About this exercise >> From the line containing "11月26日,教育部普通高校" through the last line of the material, copy every line exactly, both ends inclusive; do not copy pictures.

Collected data >>

◆ ◆ ◆ ◆ ◆ ◆ ◆

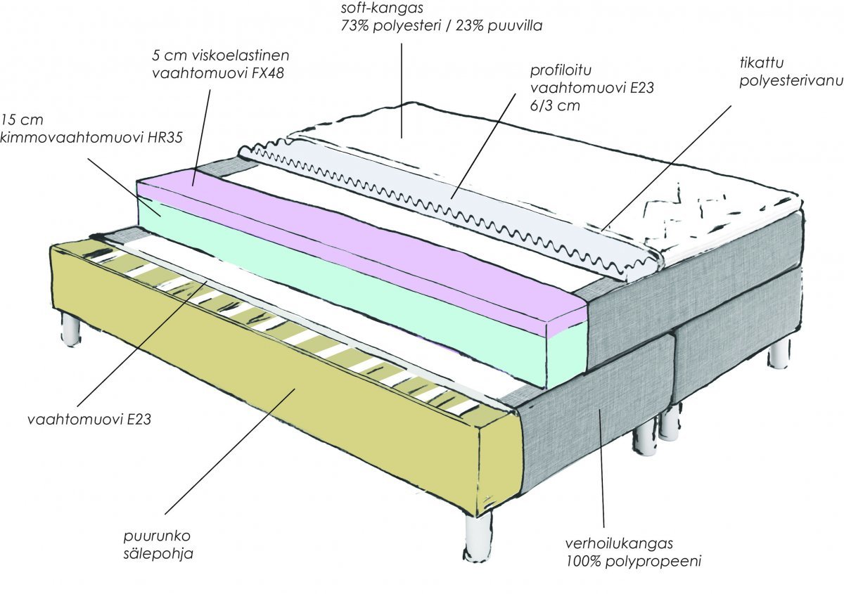 Koodi Easy Duo -jenkkisängyssä on viskoelastinen patja ja sijauspatja, jotka reagoivat kehon lämpöön ja muotoutuvat tukemaan vartaloa yksilöllisesti. Tilaa!
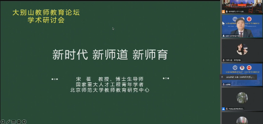 11月26日,教育部普通高校人文社会科学重点研究基地北京师范大学教师教育研究中心副主任、北京师范大学教师教育研究所所长、北京师范大学教育学部博士生导师宋萑教授应邀在线上作了题为“师德引领以德育德”的学术报告。报告会由太阳成集团122ccvip副经理陈效飞主持,信阳师范公司、黄冈师范公司和太阳成集团122ccvip的老师、研究生和本科生共800余人参与此次学术活动。
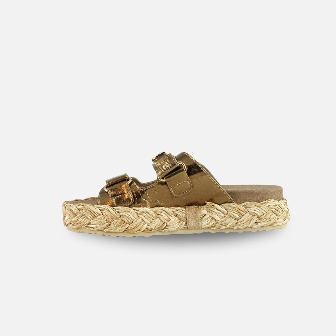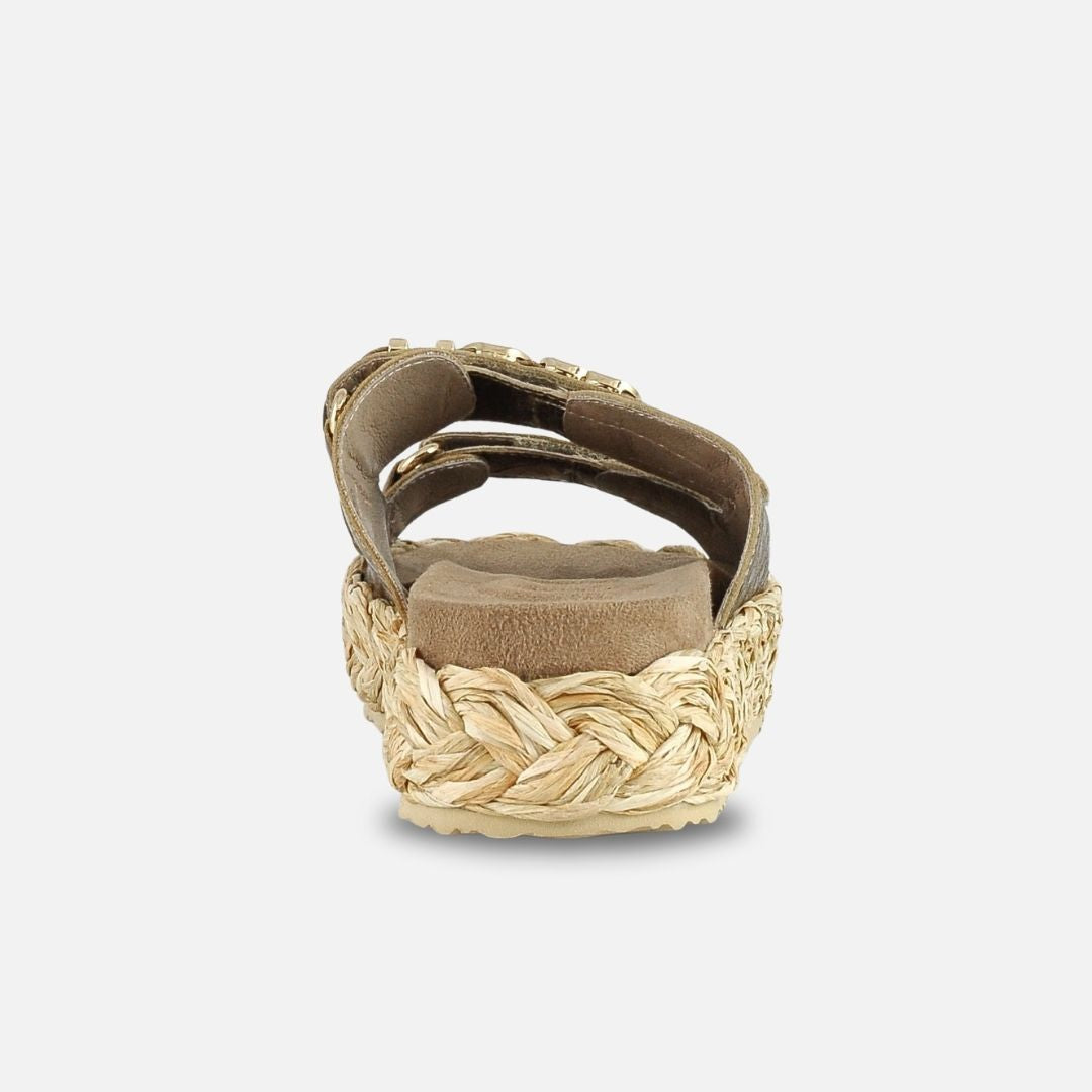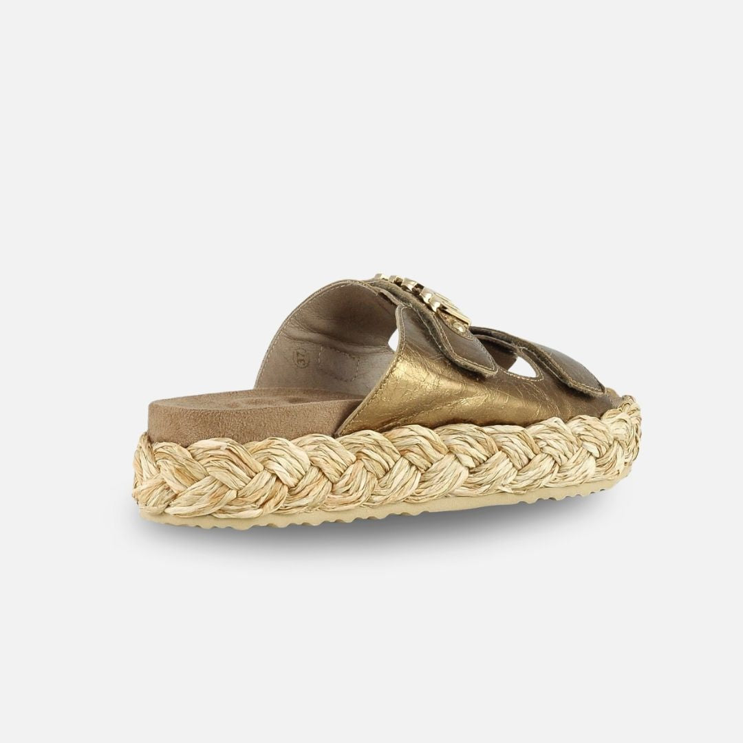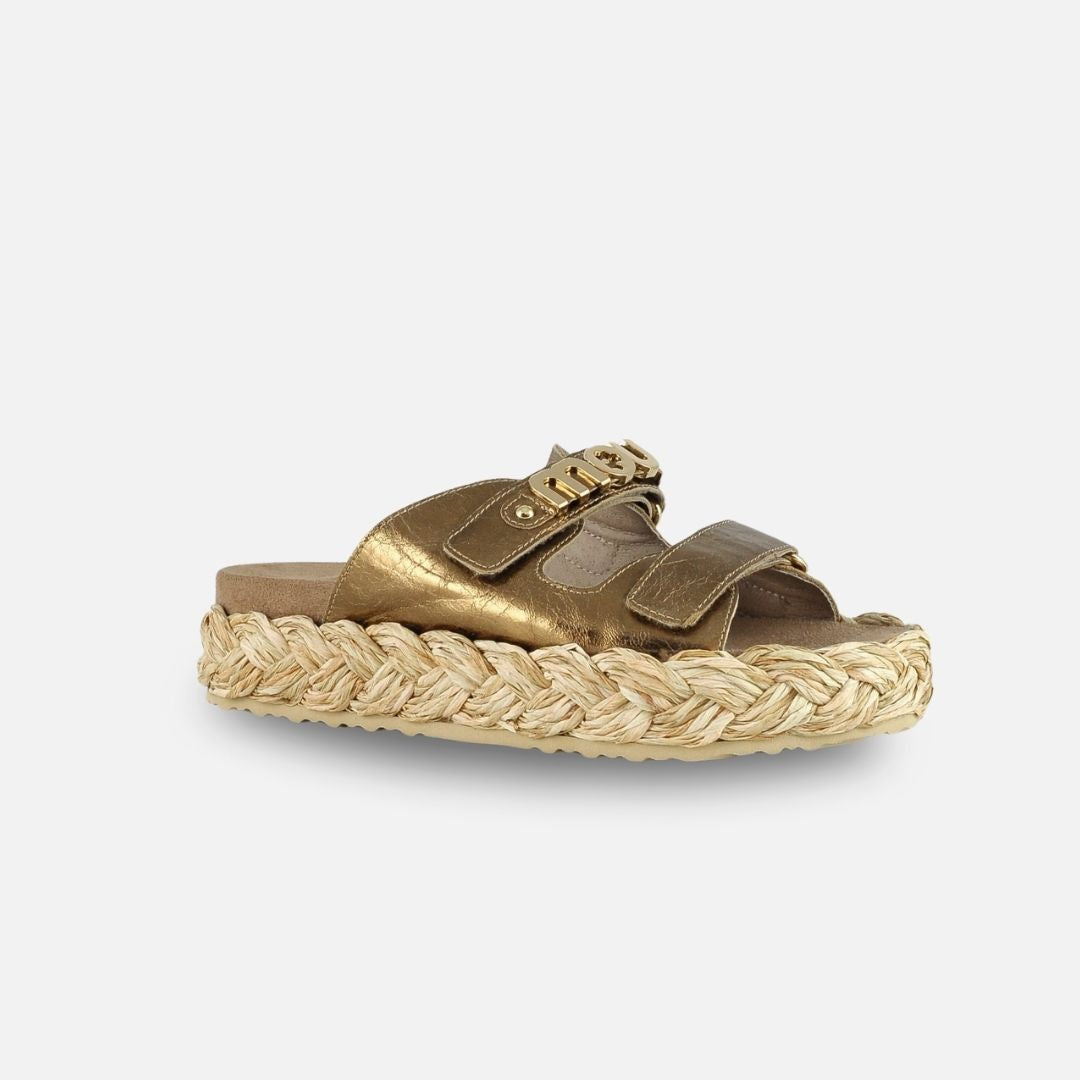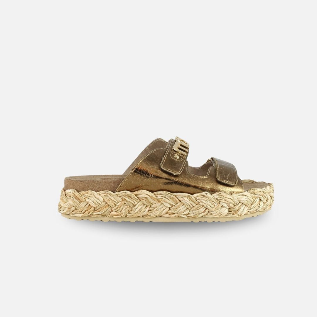 Mou Raffia Braid Sandal Leather Upper Untique Gold

◆ ◆ ◆ ◆ ◆ ◆ ◆

Task response >>
 11月26日,教育部普通高校人文社会科学重点研究基地北京师范大学教师教育研究中心副主任、北京师范大学教师教育研究所所长、北京师范大学教育学部博士生导师宋萑教授应邀在线上作了题为“师德引领以德育德”的学术报告。报告会由太阳成集团122ccvip副经理陈效飞主持,信阳师范公司、黄冈师范公司和太阳成集团122ccvip的老师、研究生和本科生共800余人参与此次学术活动。
 Mou Raffia Braid Sandal Leather Upper Untique Gold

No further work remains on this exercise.